Smarter than the headline maker - classical music = instrumental music. Yeah, right.


----------



## janxharris (May 24, 2010)

Opera?
...................


----------



## Captainnumber36 (Jan 19, 2017)

Thought I will say, vocal in Classical might as well be seen as instrumental b/c you don't really have to know the meaning of the words to appreciate the composition, and when the voice is used as an instrument with high precision, it transcends mere vocalizations.


----------



## Captainnumber36 (Jan 19, 2017)

But, what about Ella Fitzgerald and the like?


----------



## Captainnumber36 (Jan 19, 2017)

The article also doesn't really state what type of intelligence either.


----------



## mbhaub (Dec 2, 2016)

I think the point is this: in pop music the words, the poetry, are the most important element; the music is just the window dressing. If you made an instrumental-only version of "Eleanor Rigby" and played it to someone who didn't know it, they wouldn't have the vaguest idea was the meaning behind the song is. It's just a nice tune. But like Mahler said, music can express things where words fail - the last movement of the Third Symphony is deeply moving and without words conveys its meaning quite effectively.

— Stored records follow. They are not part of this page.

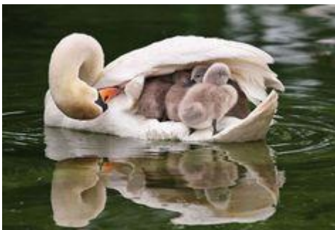
Moeder natuur, zo verzorgen zij hun jongen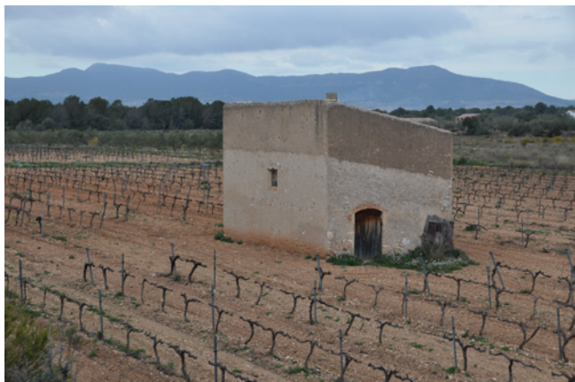
Pallissa envoltada de vinya.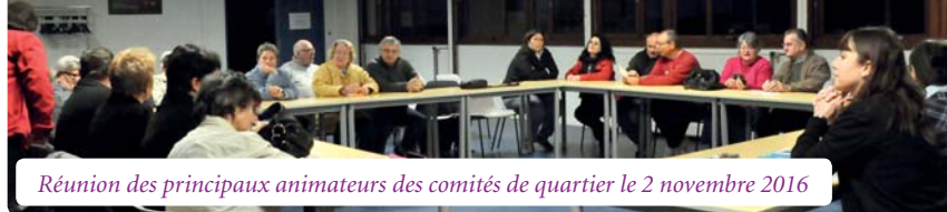
Réunion des principaux animateurs des comités de quartier le 2 novembre 2016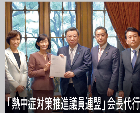
「熱中症対策推進議員連盟」会長代行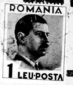
ROMANIA 1 LEU-POSTA

Taxa postala plátte in num. No. 224713.929. Szerkesztőség és kiadóhiva- tal: Cluj, Str. Baron L. Pop 10. Telefon: 18-60. Előfizetési áfak: Havonta 110, negyedévre 320, fél- évre 600, egészévre 1200 lej. Kül- földre: Havonta 2, negyedévre 6, fél- évre 12, egészévre 20 dollár. Hir- detések díjszabás szerint. Az „UJ KELET” a transilvaniai és banati zsidóság egyetlen politikai napilap- ja. Cikkeink utányomását csak a forrás megjelölésével engedjük meg.

Still, these silly studies come up all the time, like the now discredited Mozart Effect.


----------



## Captainnumber36 (Jan 19, 2017)

mbhaub said:


> I think the point is this: in pop music the words, the poetry, are the most important element; the music is just the window dressing. If you made an instrumental-only version of "Eleanor Rigby" and played it to someone who didn't know it, they wouldn't have the vaguest idea was the meaning behind the song is. It's just a nice tune. But like Mahler said, music can express things where words fail - the last movement of the Third Symphony is deeply moving and without words conveys its meaning quite effectively.
> 
> Still, these silly studies come up all the time, like the now discredited Mozart Effect.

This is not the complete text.